This is not working for me. I have tried str_detect as well as straightforward relational operator '='. But I still always get either the very first result for all observations "Arts & Letters" or the very last in the else block "Interdisciplinary Majors." Occasionally I get the warning messages "the condition has length > 1 and only the first element will be used" and another one based on object length.

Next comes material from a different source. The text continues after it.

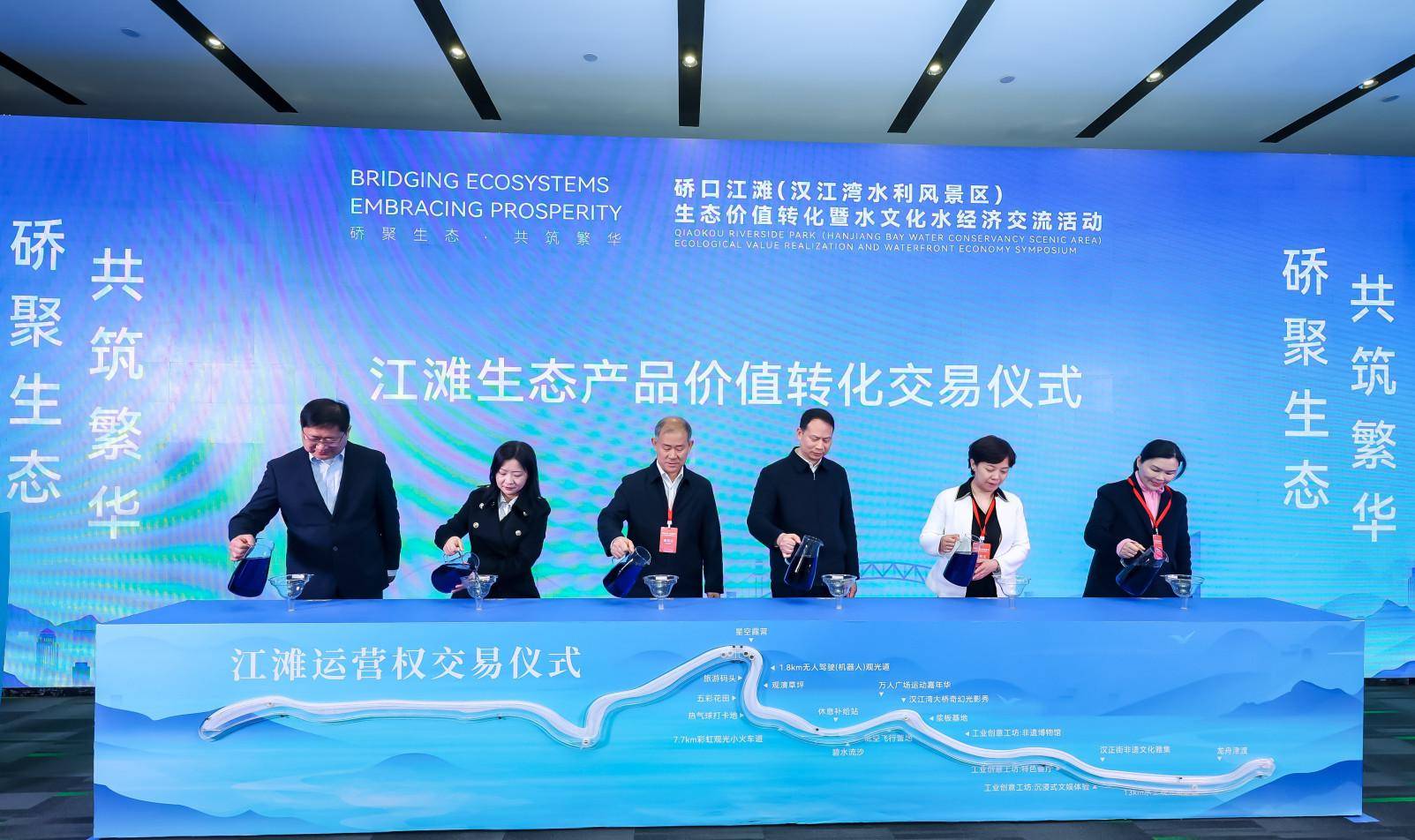 湖北日报讯 (记者艾红霞、通讯员李颖、高媛、窦亦然、实习生张斓馨)3月20日,硚口汉江湾江滩生态产品价值交易签约仪式在武汉举行,这是全国首单城市河湖型水利风景区生态产品价值交易。此次交易以汉江湾30年水生态产品维护和经营权为标的,最终以6.06亿元成交,创下湖北省水生态产品价值转化的最高纪录。

I don't know how to return exactly what I want.

Here is a sample input:

checkins.clean <- data.frame("SN" = 1:2, "Name" = c("John", "Dora"), "Major" = c("Computer Science", "English"))

I would need an output that looks like this:

output <- data.frame("SN" = 1:2, "Name" = c("John", "Dora"), "Major" = c("Computer Science", "English"), "School" = c("Science & Mathematics", "Arts & Letters"))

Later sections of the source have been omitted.